What is being asked:
What is needed is an exact copy of the lines from the one containing "In Year 1, children" through the last line of the records below, with no pictures.
——
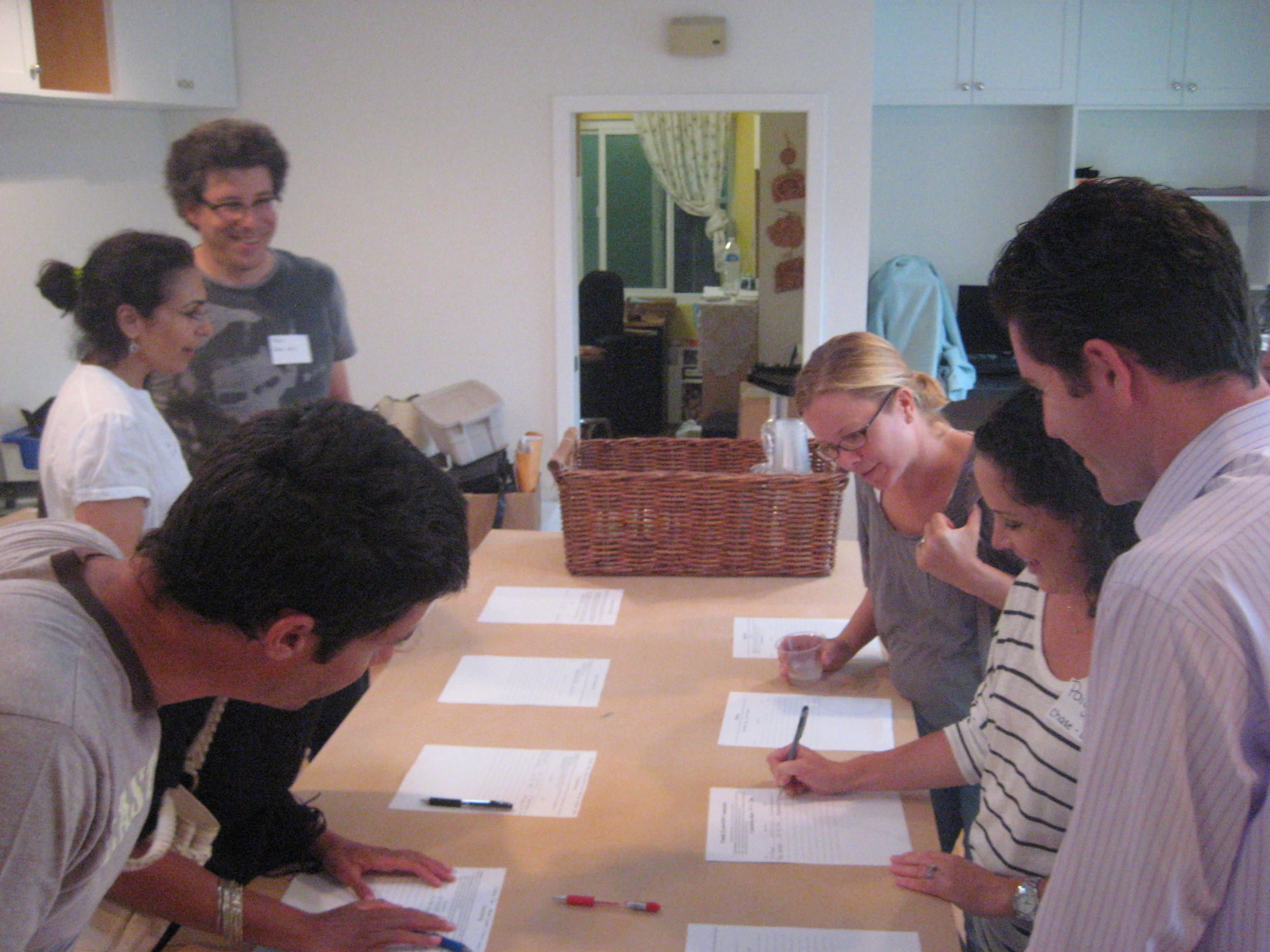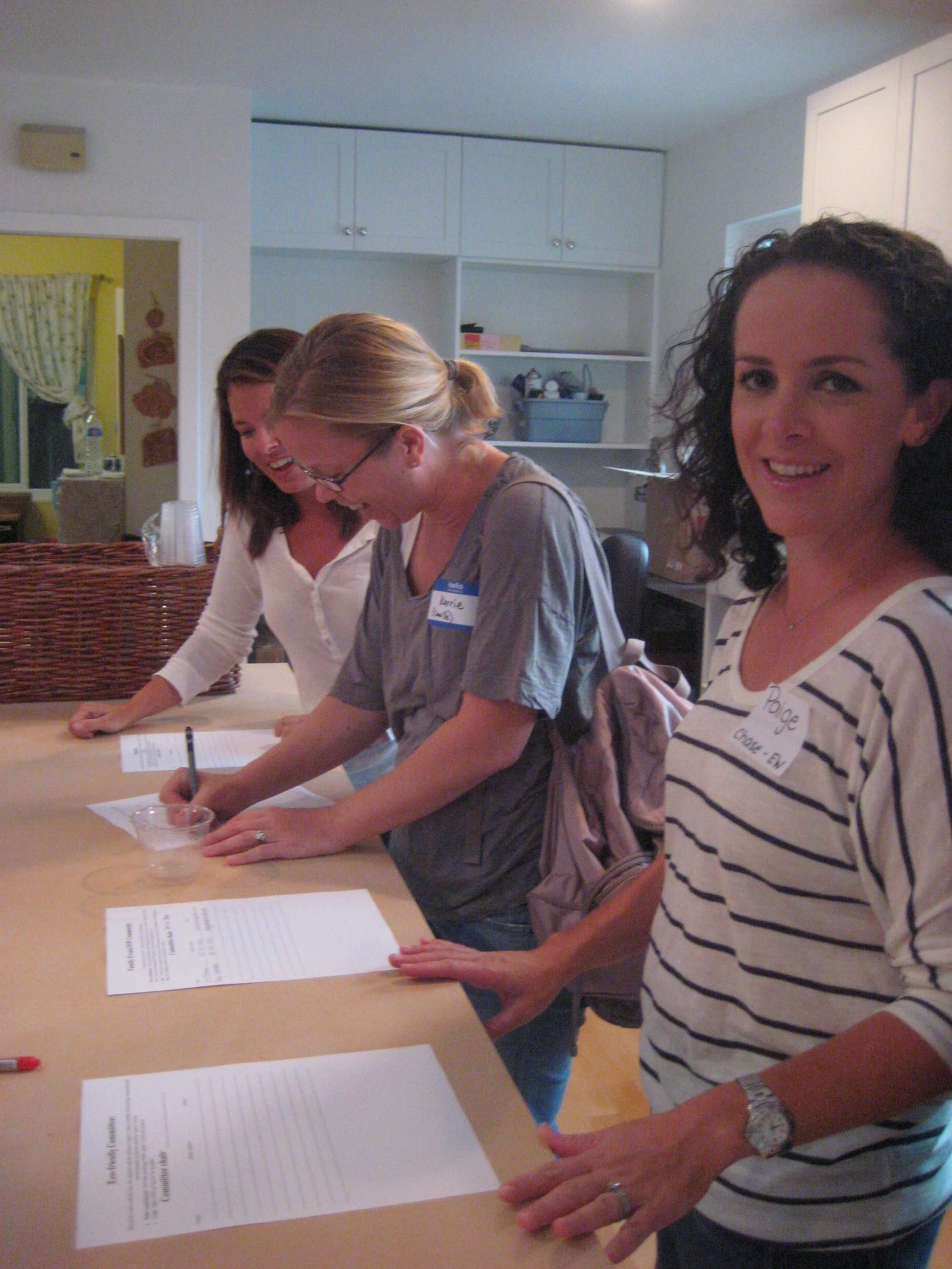 We used our new kitchen for the first time! Parents gathered around the unfinished work table to sign up for various committees.
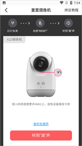 3、在打开的新页面上,依据操作说明保证设备指示灯状态正常。当听到“滴”的一声后,点击红色按钮。要是没听到声音,有可能是摄像机未成功重置,此时用户需再次确认摄像机已接通电源,指示灯亮起。也可以再次尝试长按“RESET”键5秒,直至听到“滴”声。倘若还是不行,可前往当地营业厅寻求协助,或者拨打客服热线:400 - 110 - 0868。
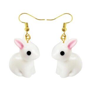 Tiny white rabbits on a drop hook. Gold-tone hardware. Bunnies measure approximately 1" high. Made of plastic resin. Brand new.
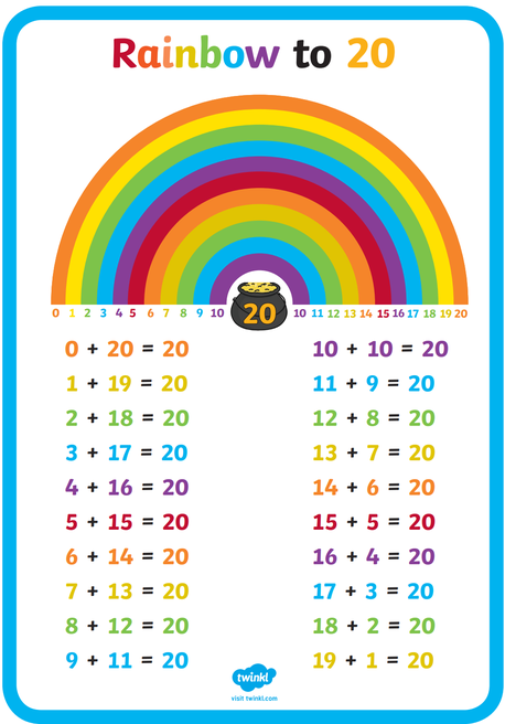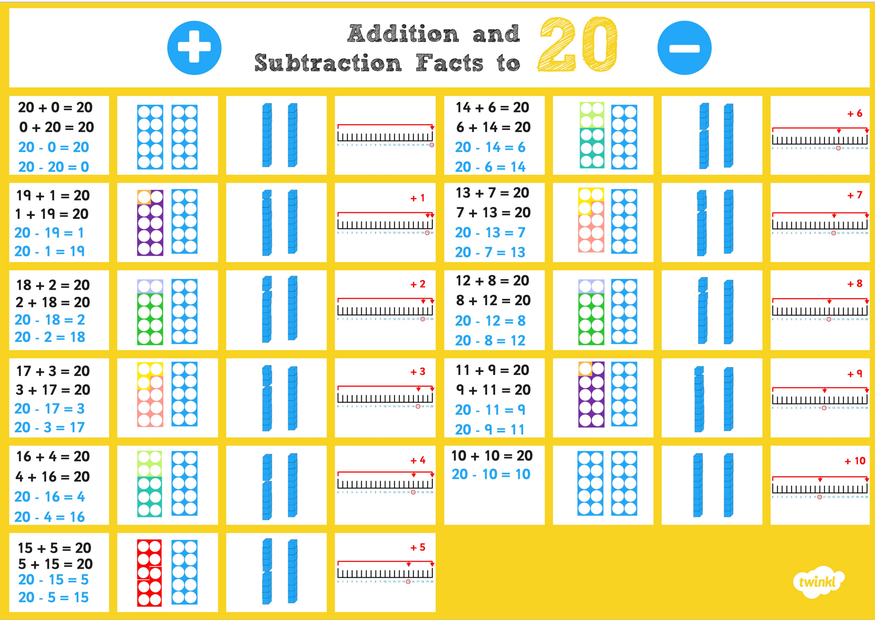 In Year 1, children learn how to add and subtract number facts up to 20, becoming familiar with all the different combinations, such as: 1+9=10, 14+3=17, 16+4=20, etc.
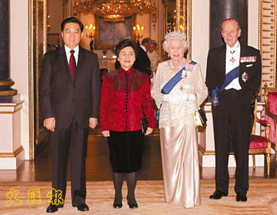 英女王伊麗莎白二世8日晚在白金漢宮舉行盛大歡迎宴會,熱烈歡迎主席胡錦濤和夫人劉永清對英國進行國事訪問。英女王強調,中國的發展引起了世界的注意和羨慕。胡錦濤在答辭中指出,現在中英兩國建立了全面戰略伙伴關係,雙方戰略利益不斷擴大,重點領域合作成果顯著,兩國人民的相互了解和友誼與日俱增。我們願同英國加強相互信任、擴大交流合作、為增進兩國人民的福祉、推動建設一個持久和平、共同繁榮的和諧世界而共同努力。唐家璇等中方陪同人員和英國王室成員、貝理雅等出席。
——
Answer:
 In Year 1, children learn how to add and subtract number facts up to 20, becoming familiar with all the different combinations, such as: 1+9=10, 14+3=17, 16+4=20, etc.
 英女王伊麗莎白二世8日晚在白金漢宮舉行盛大歡迎宴會,熱烈歡迎主席胡錦濤和夫人劉永清對英國進行國事訪問。英女王強調,中國的發展引起了世界的注意和羨慕。胡錦濤在答辭中指出,現在中英兩國建立了全面戰略伙伴關係,雙方戰略利益不斷擴大,重點領域合作成果顯著,兩國人民的相互了解和友誼與日俱增。我們願同英國加強相互信任、擴大交流合作、為增進兩國人民的福祉、推動建設一個持久和平、共同繁榮的和諧世界而共同努力。唐家璇等中方陪同人員和英國王室成員、貝理雅等出席。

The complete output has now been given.